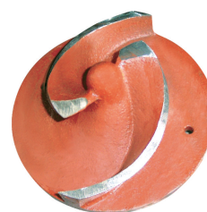
[B type impeller]

※ Type B impeller can be manufactured with "large volume wastewater pump" specification.
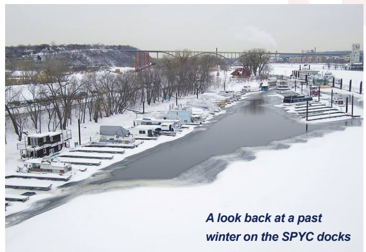
A look back at a past winter on the SPYC docks
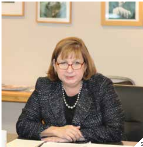
5/ Sue Saarnio , U.S. Acting Special Envoy and Coordinator for International Energy Affairs, U.S. State Department

§ Your objective
An image-free, exact version of the listing above is required.

§ Result of the task
[B type impeller]

※ Type B impeller can be manufactured with "large volume wastewater pump" specification.
A look back at a past winter on the SPYC docks
5/ Sue Saarnio , U.S. Acting Special Envoy and Coordinator for International Energy Affairs, U.S. State Department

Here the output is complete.